The Player as The Prime Example
And for numerous reasons, Sesko feels like Patient Zero in this respect, a player caught between football's two countervailing, non-negotiable forces. The imperative to delay definitive judgment, allowing layers of technical texture and tactical sophistication to develop. And the imperative to generate permanent definitive judgment, a constant stream of opinions and memes, out-of-context criticisms and pointless contrasts, a square that can not truly be circled.
It is not my aim to provide a substantive evaluation of Sesko's time at Manchester United to date. The guy has been in the lineup four times in the top flight in a highly unpredictable team, found the net twice, and taken a mere of 116 contacts with the ball. What exactly are we evaluating? And do I propose to replicate the pundits' notable debate "The Sesko Debate", in which two of England's leading pundits duel passionately on a popular show over whether Sesko needs 10 goals to be a success this season (Neville), or whether it's really more like twelve or thirteen (Wright).
A Cruel Environment
For all this I enjoyed watching Sesko at Leipzig: a powerful, fast sports car of a striker, playing in a team ideally suited to his talents: afforded the freedom to rampage but also the leeway to fail. And in part this is why Manchester United feels like the most unforgiving place he could possibly be right now: a place where "harsh judgments" are handed down in roughly the duration it takes to load a pre-roll ad, the club with the largest and most ruthless gap between the patience and space he requires, and the time and air he is going to get.
We saw a case of this over the national team pause, when a viral infographic handily stated that Sesko had been judged – decisively – the poorest acquisition of the summer transfer window by a poll of football representatives. And of course, the press are not the only ones in such behavior. Club channels, influencers, unidentified profiles with a suspiciously high number of fake followers: everybody with a vested interest is now essentially operating along the same principles, an ecosystem deliberately nosed towards provocation.
The Mental Cost
Endless scrolling and tapping. What are we doing to ourselves? Are we aware, on any level, what this endless stream of aggravation is doing to our minds?

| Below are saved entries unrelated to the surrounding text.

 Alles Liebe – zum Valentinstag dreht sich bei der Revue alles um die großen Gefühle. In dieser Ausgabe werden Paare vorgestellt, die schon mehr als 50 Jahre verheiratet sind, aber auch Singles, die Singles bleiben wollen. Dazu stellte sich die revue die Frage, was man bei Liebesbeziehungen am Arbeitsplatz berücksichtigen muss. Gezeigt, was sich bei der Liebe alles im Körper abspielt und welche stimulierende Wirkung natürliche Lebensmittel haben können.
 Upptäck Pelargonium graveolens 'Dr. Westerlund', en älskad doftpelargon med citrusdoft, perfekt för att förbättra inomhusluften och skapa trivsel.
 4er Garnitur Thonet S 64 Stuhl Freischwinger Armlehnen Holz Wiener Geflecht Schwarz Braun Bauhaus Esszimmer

Quite apart from the inherent strangeness of playing in the center of this, knowing on a bizarre butterfly-effect level that each aspect about players is now basically material, commodity, open-source property to be packaged and traded.
Indeed, in part this is because United are United, the corpse that keeps nourishing the cycle, a major institution that must constantly be producing the strong emotions. However, in part this is a temporary malaise, a swing of judgment most visibly and cruelly glimpsed at this season, roughly four weeks after the transfer market shut. Throughout the summer we have been desiring players, praising them, salivating over them. Yet, just a few weeks in, many of those very players are now being dismissed as broken goods. Is it time to worry about Jamie Gittens? Did Arsenal actually need Viktor Gyökeres wise? What was the point of Randal Kolo Muani?
A Wider Issue
It feels appropriate that Sesko meets Liverpool on Sunday: a team simultaneously on a long unbeaten run at home in the Premier League and yet in their own situation of feverish crisis, like submitting a a report on someone who went to the store half an hour ago. Defensively suspect. Mohamed Salah past his prime. The striker an expensive flop. The coach bald.

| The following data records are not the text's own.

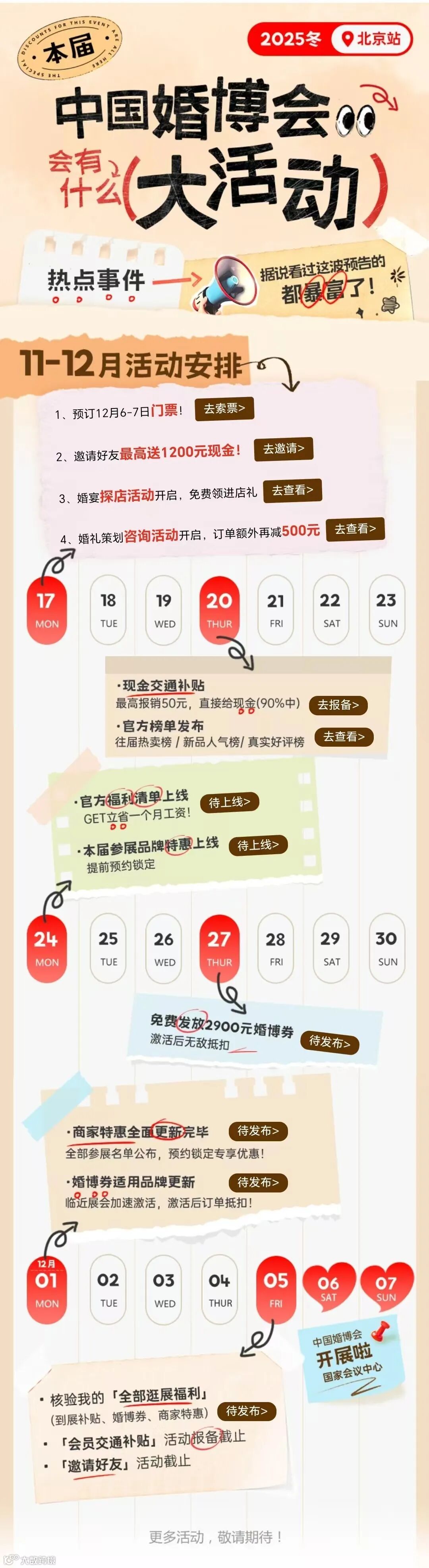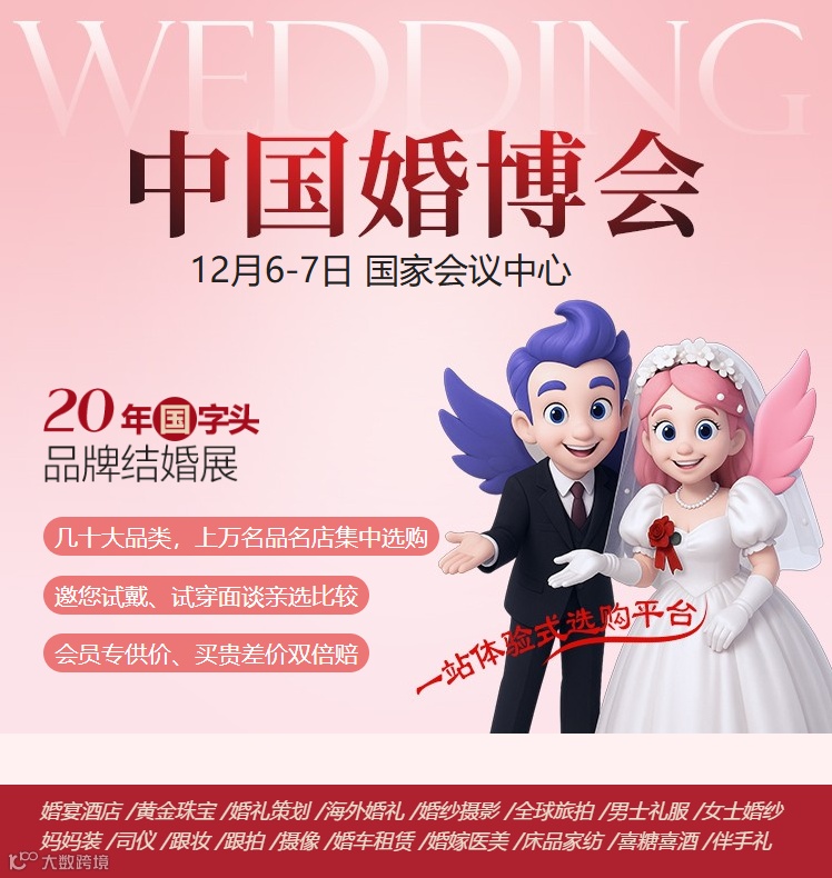2025冬季北京婚博会将于12月6-7日在北京国家会议中心(北京市朝阳区天辰东路7号)举办。拍婚照、订婚宴、找婚庆、买婚纱、选钻戒,还有喜酒喜糖、婚车、床品,20大结婚行业品牌参展,2天逛展一站购齐,省去东奔西跑,关键价格还优于门店,为您的婚礼精打细算!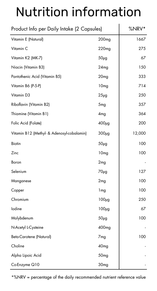 This advanced multivitamin is designed to support your nutrient intake when modern life, stress and pollution place extra demands on the body.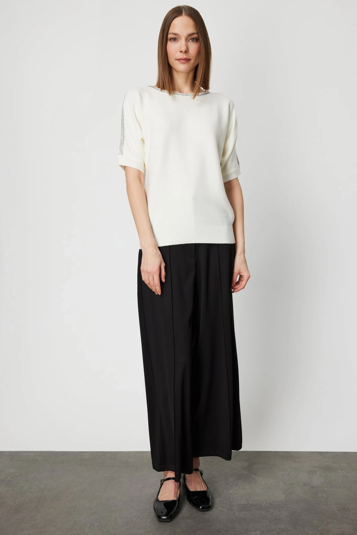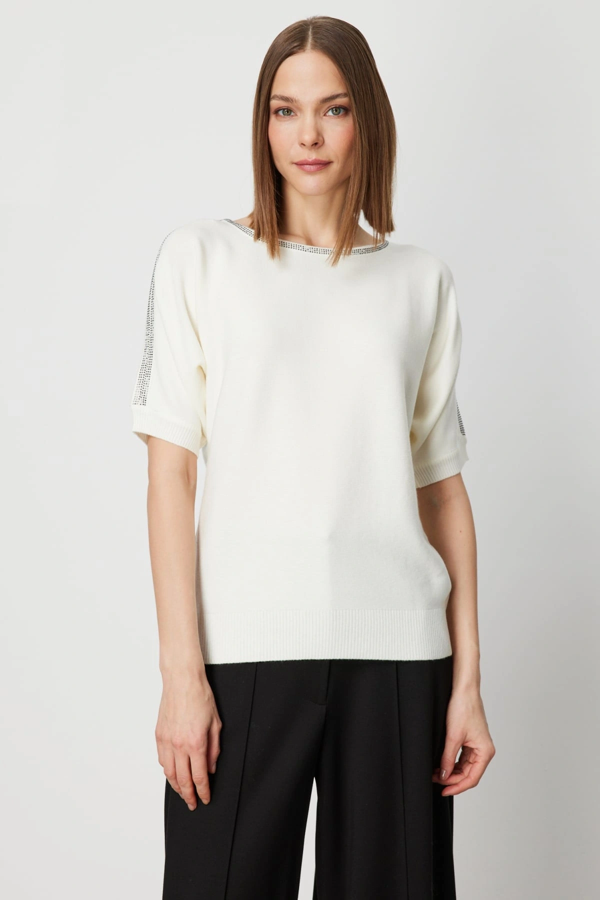 On Fashion Kadın Yakası ve Kolları Taşlı Ekru Yarım Kol Kazak, 2026 kış sezonu için tasarlanan zarif ve modern bir triko üründür. Yaka ve kol bölümlerinde yer alan taş detayları, sade tasarıma şık ve dikkat çekici bir ışıltı kazandırır. Regular kalıbı, vücuda rahat oturan dengeli bir duruş sunarken orta kalınlıktaki triko kumaşı serin havalarda ideal konfor sağlar. Sıfır yaka formu modern bir görünüm sunarken düşük ve kısa kol tasarımı, klasik kazak stiline farklı ve özgün bir yorum katar. Astarsız yapısı, hafif ve doğal bir kullanım deneyimi sağlar.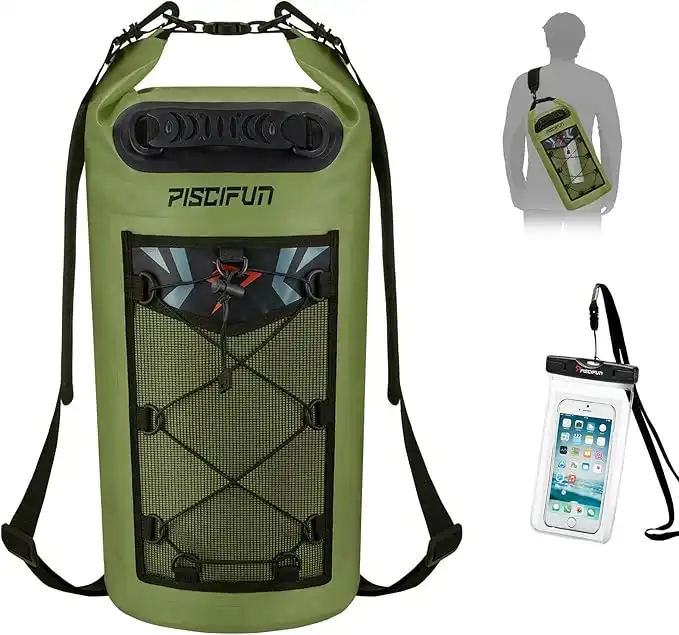 Piscifun Dry Bag, Waterproof Floating Backpack with Waterproof Phone Case for Kayking, Boating, Kayaking, Surfing, Rafting and Fishing, Army Green 10L — Price History & Tracker | DeserTracker

Maybe we have failed to understand the way the storyline of football has begun to supplant football itself, to influence the way we watch it, an entire sport reoriented around talking points and reaction, an activity that happens in the background while we scroll through our devices, unable to disconnect from the saline drip of takes and more takes. Perhaps Sesko taking the hit at present. But in a way, everyone is losing a part of the experience here.